++++ GIVEN INFORMATION

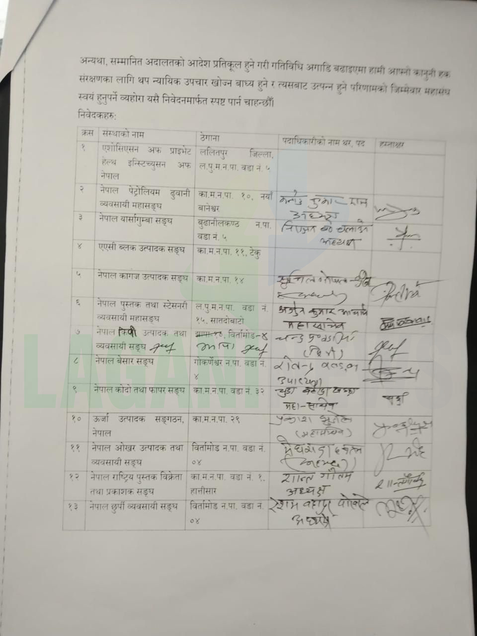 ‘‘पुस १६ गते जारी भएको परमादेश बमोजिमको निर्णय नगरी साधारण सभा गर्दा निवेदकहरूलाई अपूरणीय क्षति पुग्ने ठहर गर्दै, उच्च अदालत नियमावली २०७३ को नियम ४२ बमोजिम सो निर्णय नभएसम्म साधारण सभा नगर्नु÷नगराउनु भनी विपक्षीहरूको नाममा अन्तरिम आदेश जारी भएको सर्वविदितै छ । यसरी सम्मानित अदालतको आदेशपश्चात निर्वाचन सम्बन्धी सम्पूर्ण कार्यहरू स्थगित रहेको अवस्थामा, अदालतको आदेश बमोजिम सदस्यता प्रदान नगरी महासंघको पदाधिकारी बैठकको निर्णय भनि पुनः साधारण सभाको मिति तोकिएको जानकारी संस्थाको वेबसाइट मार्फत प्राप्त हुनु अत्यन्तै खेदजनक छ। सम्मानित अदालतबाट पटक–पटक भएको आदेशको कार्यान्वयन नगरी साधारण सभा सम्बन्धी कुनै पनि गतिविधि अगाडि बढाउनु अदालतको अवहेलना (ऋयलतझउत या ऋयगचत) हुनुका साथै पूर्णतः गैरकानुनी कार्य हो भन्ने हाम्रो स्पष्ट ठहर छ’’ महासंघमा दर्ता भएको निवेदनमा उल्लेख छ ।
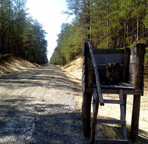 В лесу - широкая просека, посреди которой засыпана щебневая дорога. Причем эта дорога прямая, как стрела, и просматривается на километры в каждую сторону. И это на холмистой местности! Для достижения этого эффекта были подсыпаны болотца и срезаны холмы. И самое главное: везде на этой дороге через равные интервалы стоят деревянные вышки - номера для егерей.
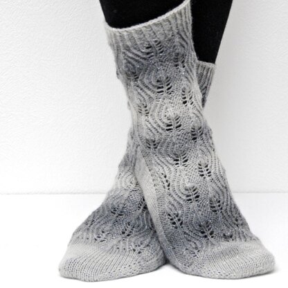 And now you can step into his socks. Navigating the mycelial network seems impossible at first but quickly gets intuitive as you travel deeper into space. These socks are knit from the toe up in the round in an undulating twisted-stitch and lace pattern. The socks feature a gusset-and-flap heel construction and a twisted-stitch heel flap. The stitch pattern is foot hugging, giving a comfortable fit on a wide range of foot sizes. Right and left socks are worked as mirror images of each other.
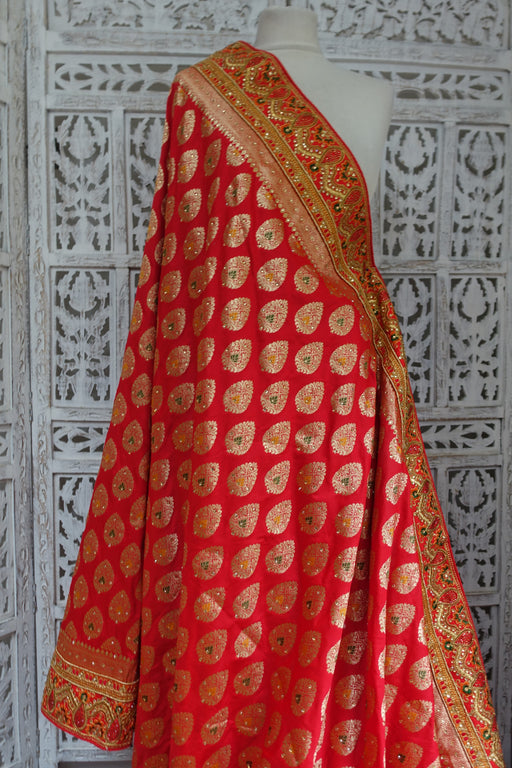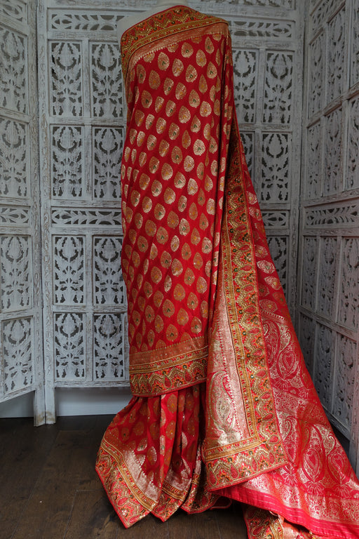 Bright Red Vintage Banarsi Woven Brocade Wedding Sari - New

++++++++

### WHAT YOU HAVE TO DO
Your answer must be the full listing, word for word, minus any images.

### RESULT OF THIS TASK
 ‘‘पुस १६ गते जारी भएको परमादेश बमोजिमको निर्णय नगरी साधारण सभा गर्दा निवेदकहरूलाई अपूरणीय क्षति पुग्ने ठहर गर्दै, उच्च अदालत नियमावली २०७३ को नियम ४२ बमोजिम सो निर्णय नभएसम्म साधारण सभा नगर्नु÷नगराउनु भनी विपक्षीहरूको नाममा अन्तरिम आदेश जारी भएको सर्वविदितै छ । यसरी सम्मानित अदालतको आदेशपश्चात निर्वाचन सम्बन्धी सम्पूर्ण कार्यहरू स्थगित रहेको अवस्थामा, अदालतको आदेश बमोजिम सदस्यता प्रदान नगरी महासंघको पदाधिकारी बैठकको निर्णय भनि पुनः साधारण सभाको मिति तोकिएको जानकारी संस्थाको वेबसाइट मार्फत प्राप्त हुनु अत्यन्तै खेदजनक छ। सम्मानित अदालतबाट पटक–पटक भएको आदेशको कार्यान्वयन नगरी साधारण सभा सम्बन्धी कुनै पनि गतिविधि अगाडि बढाउनु अदालतको अवहेलना (ऋयलतझउत या ऋयगचत) हुनुका साथै पूर्णतः गैरकानुनी कार्य हो भन्ने हाम्रो स्पष्ट ठहर छ’’ महासंघमा दर्ता भएको निवेदनमा उल्लेख छ ।
 В лесу - широкая просека, посреди которой засыпана щебневая дорога. Причем эта дорога прямая, как стрела, и просматривается на километры в каждую сторону. И это на холмистой местности! Для достижения этого эффекта были подсыпаны болотца и срезаны холмы. И самое главное: везде на этой дороге через равные интервалы стоят деревянные вышки - номера для егерей.
 And now you can step into his socks. Navigating the mycelial network seems impossible at first but quickly gets intuitive as you travel deeper into space. These socks are knit from the toe up in the round in an undulating twisted-stitch and lace pattern. The socks feature a gusset-and-flap heel construction and a twisted-stitch heel flap. The stitch pattern is foot hugging, giving a comfortable fit on a wide range of foot sizes. Right and left socks are worked as mirror images of each other.
 Bright Red Vintage Banarsi Woven Brocade Wedding Sari - New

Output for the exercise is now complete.